Your task is to return exactly the lines that run from the one containing "Grote garage met" through the end of the listing below, without any pictures.

───── Data ─────

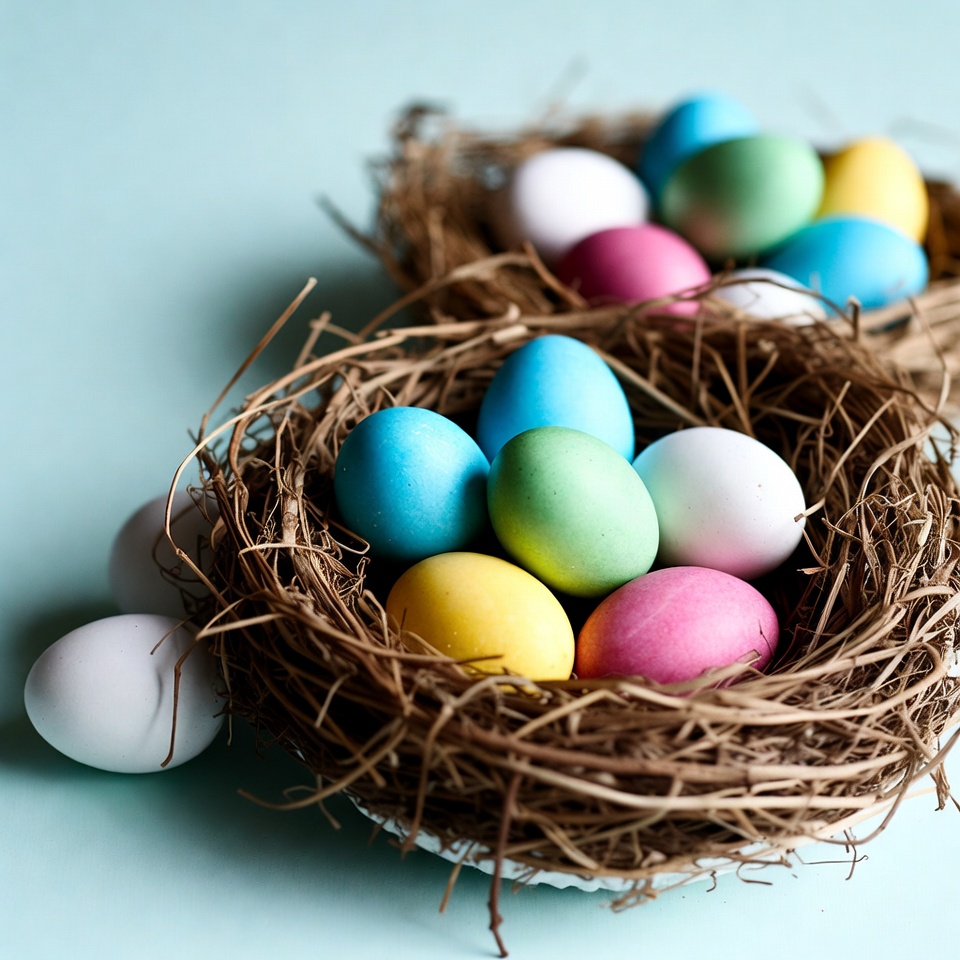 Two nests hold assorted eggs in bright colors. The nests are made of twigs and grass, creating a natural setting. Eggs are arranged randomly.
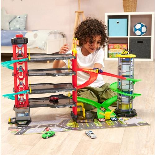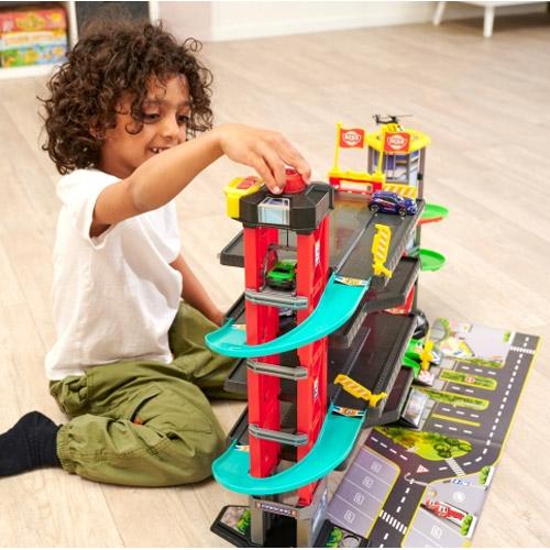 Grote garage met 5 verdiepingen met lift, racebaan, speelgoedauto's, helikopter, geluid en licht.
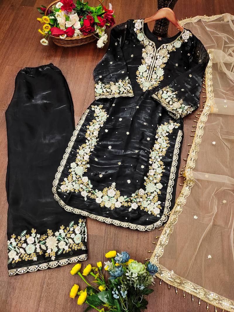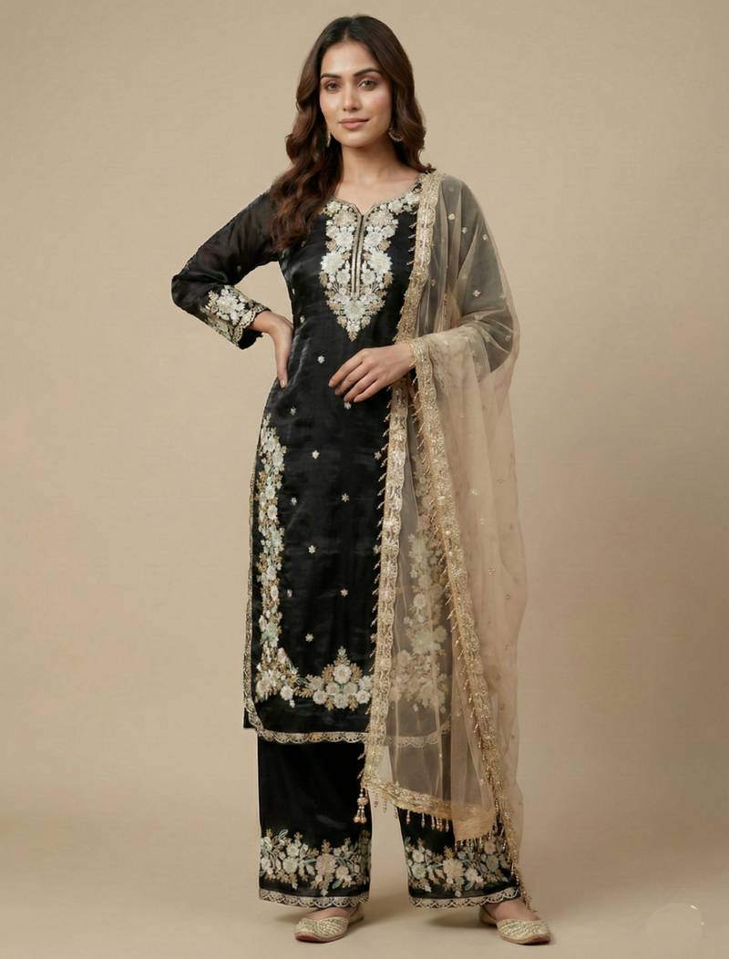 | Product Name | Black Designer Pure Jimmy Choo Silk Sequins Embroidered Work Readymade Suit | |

─────

Task response —
 Grote garage met 5 verdiepingen met lift, racebaan, speelgoedauto's, helikopter, geluid en licht.
 | Product Name | Black Designer Pure Jimmy Choo Silk Sequins Embroidered Work Readymade Suit | |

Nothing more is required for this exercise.